Added Wisconsin Gov. Jim Doyle: “For 16 years, Brett Favre brought fun and excitement to Lambeau Field. His talent, energy and enthusiasm for the game will be missed.”

Last season, Favre broke Dan Marino’s career records for most touchdown passes and most yards passing and John Elway’s record for most career victories by a starting quarterback.

He retires with 5,377 career completions in 8,758 attempts for 61,655 yards, 442 touchdowns and 288 interceptions.

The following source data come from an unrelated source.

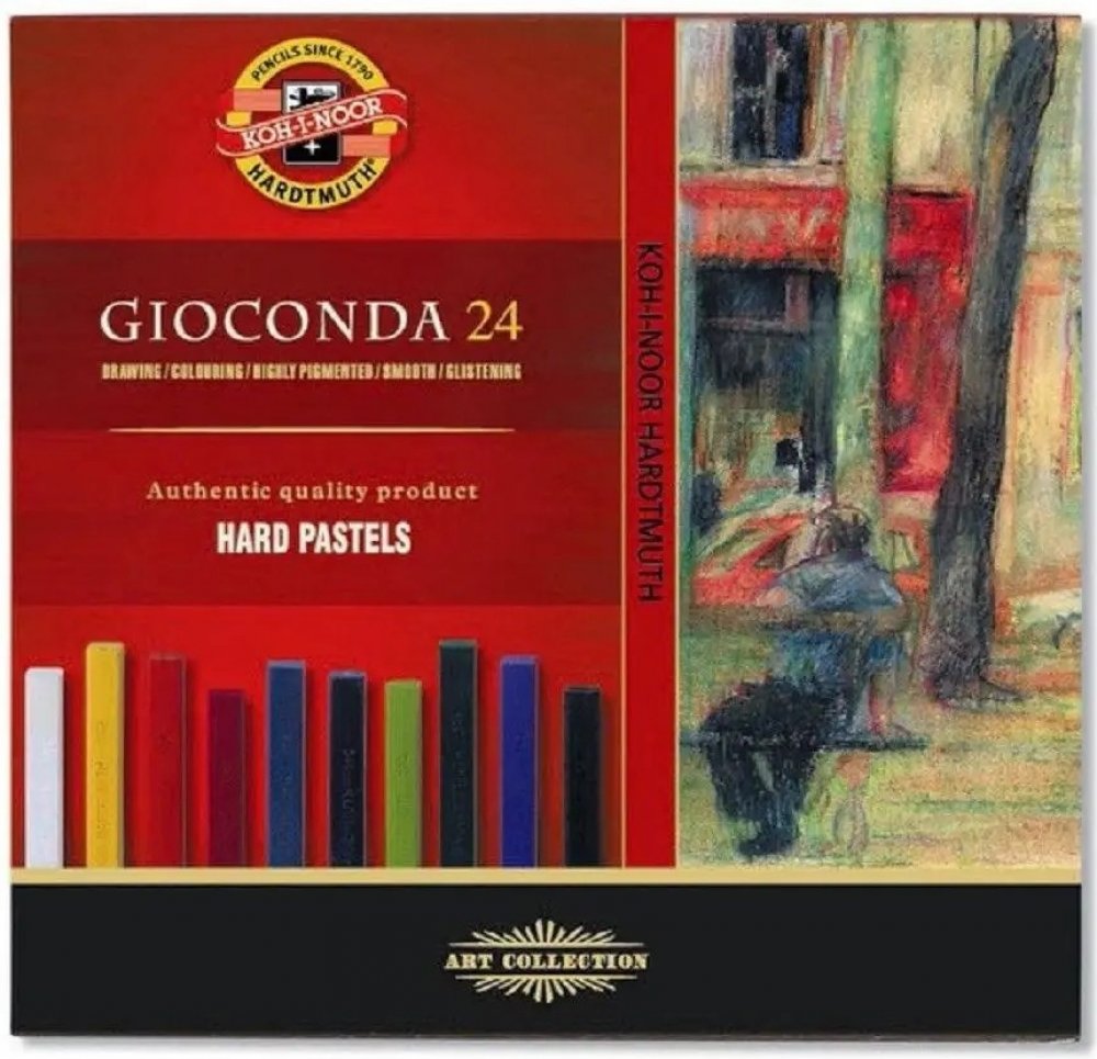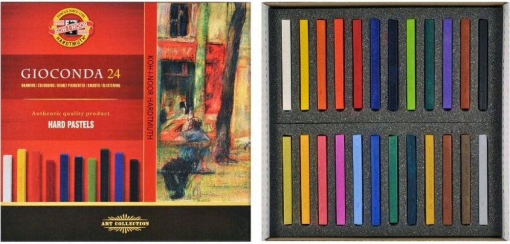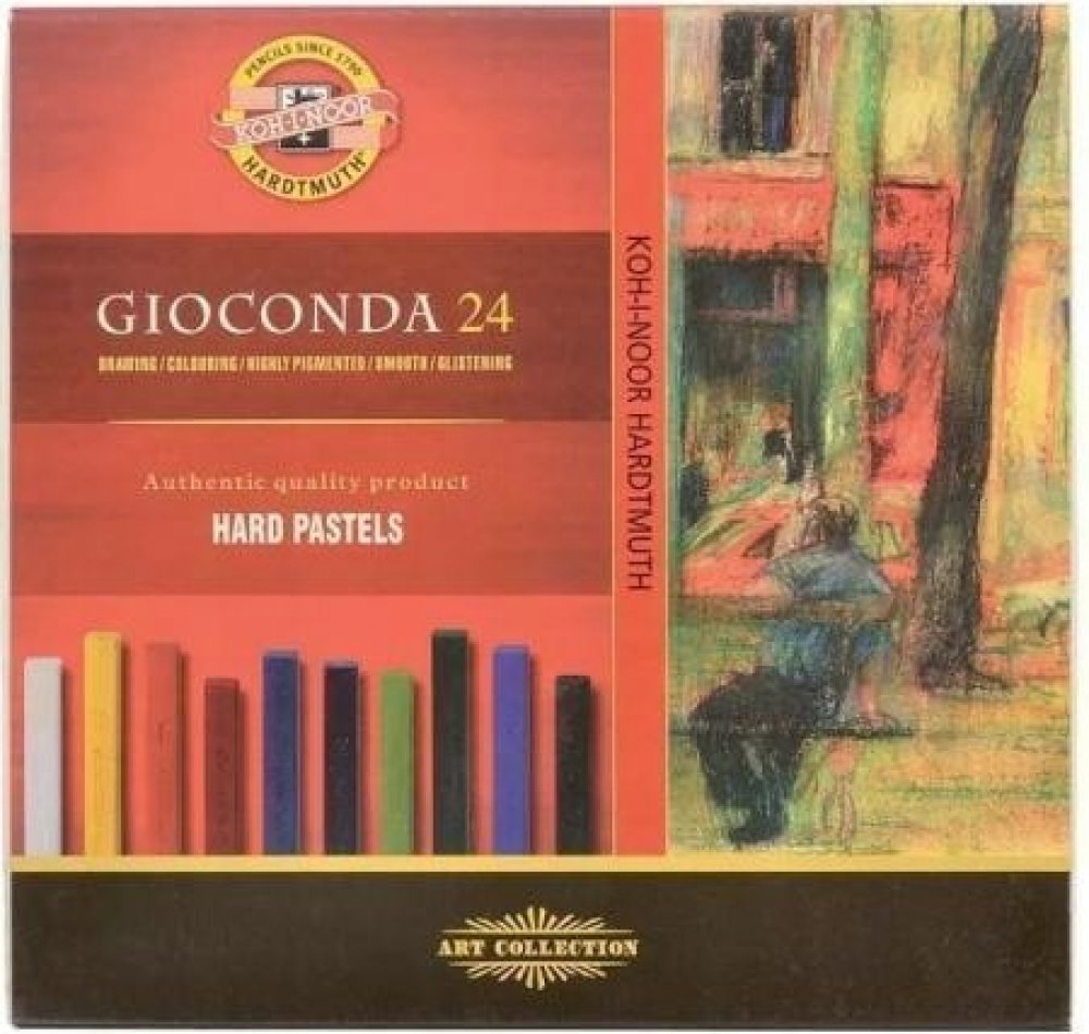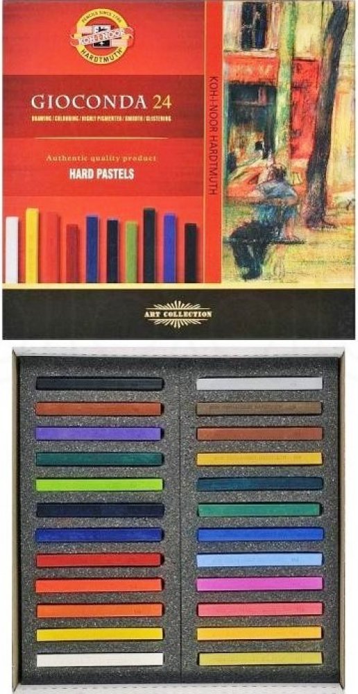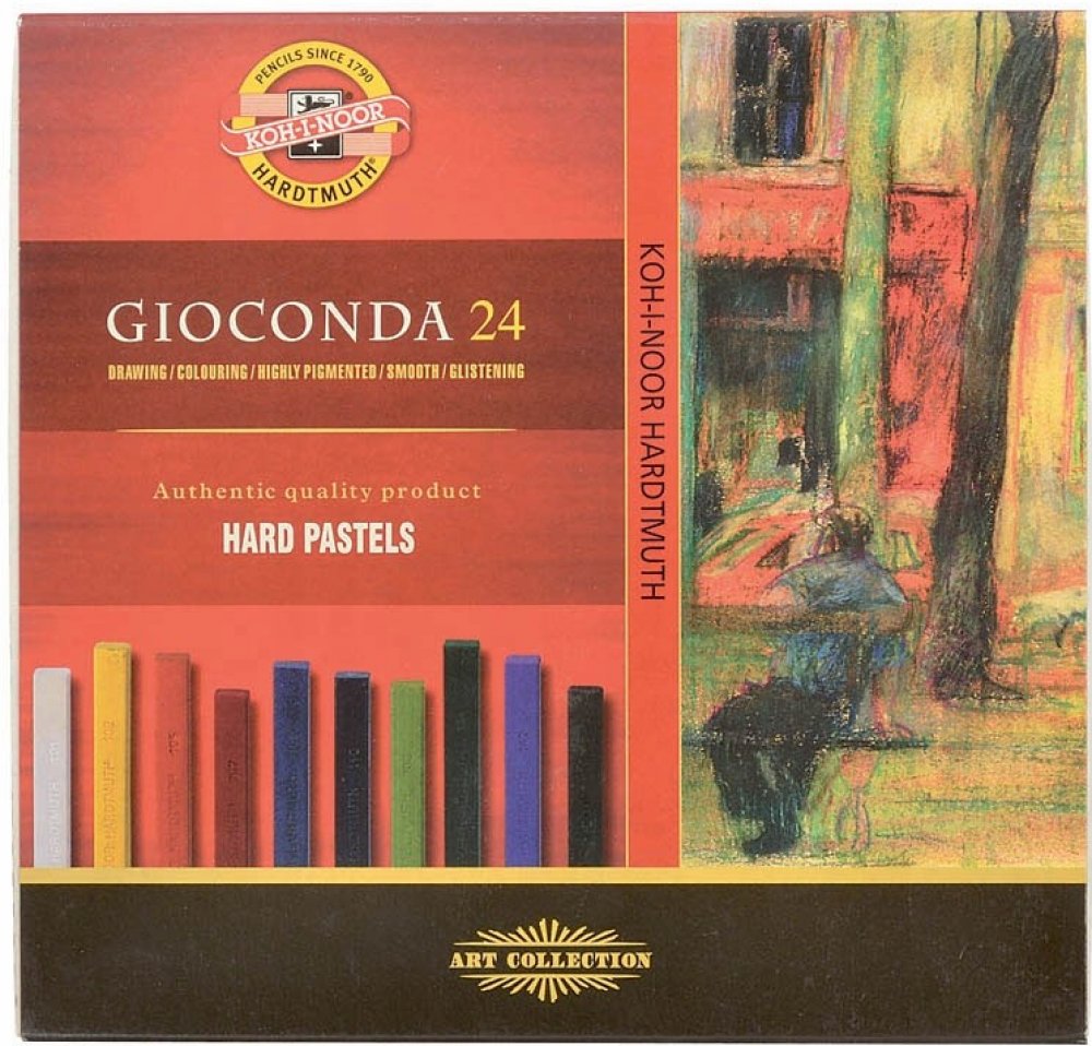 ART. KOH-I-NOOR GIOCONDA 8114 Souprava tvrdých uměleckých pastelů vysoké kvality. Hranaté tvrdé umělecké pastely. Pastel má čtvercový profil o hraně 7 mm a na délku měří 75 mm. Snadno se nanáší bez nutnosti vynaložit velký tlak na jádro. Hranatý tvar umožňuje nejen vykrývání velkých ploch pomocí malby podélnou hranou, ale i drobnou kresbu.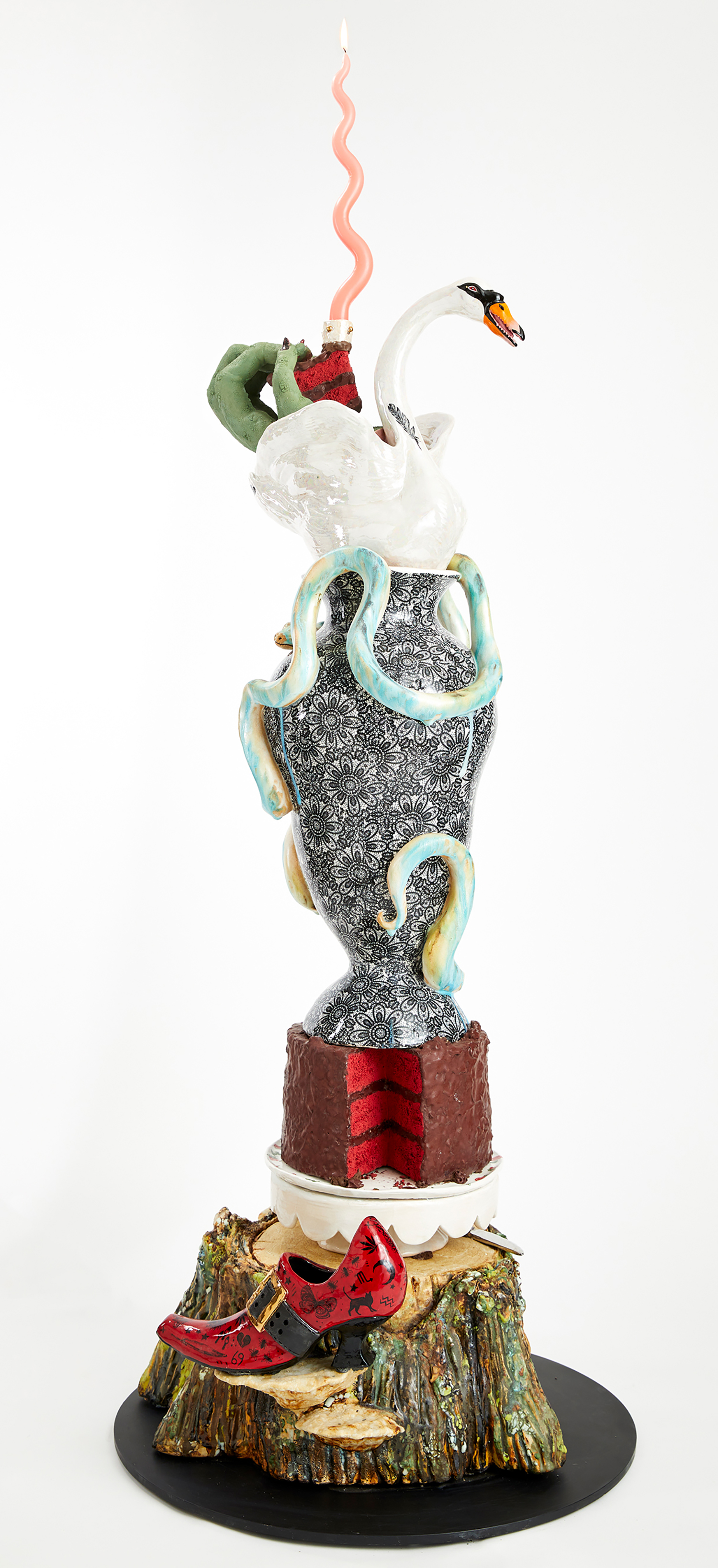 Red Velvet Candle Holder, 2022, ceramic, glaze, underglaze, ceramic decals, luster, lace nails, metal stand, epoxy, 64 x 21 x 21 inches, 163 x 53 x 52 cm
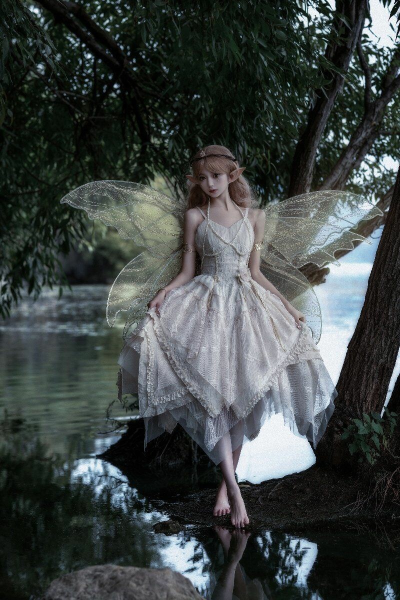 守护山神的少女这条小裙子也太温柔了吧,新出的模特图,像是山里的精灵一样

In his final season, Favre also extended his quarterback-record streak of consecutive regular season starts to 253 games, illustrating his trademark toughness. Add the playoffs, and Favre’s streak stands at 275.

In the past several offseasons, Favre’s indecision about his football future became a winter tradition in Wisconsin, with Cheeseheads hanging on his every word.

Unlike after the 2006 season, when Favre choked up in a television interview as he walked off the field in Chicago, only to return once again, nearly everyone assumed he would be back next season.

It was a remarkable turnaround from 2005, Favre’s final season under former head coach Mike Sherman, when he threw a career worst 29 interceptions as the Packers went 4~12.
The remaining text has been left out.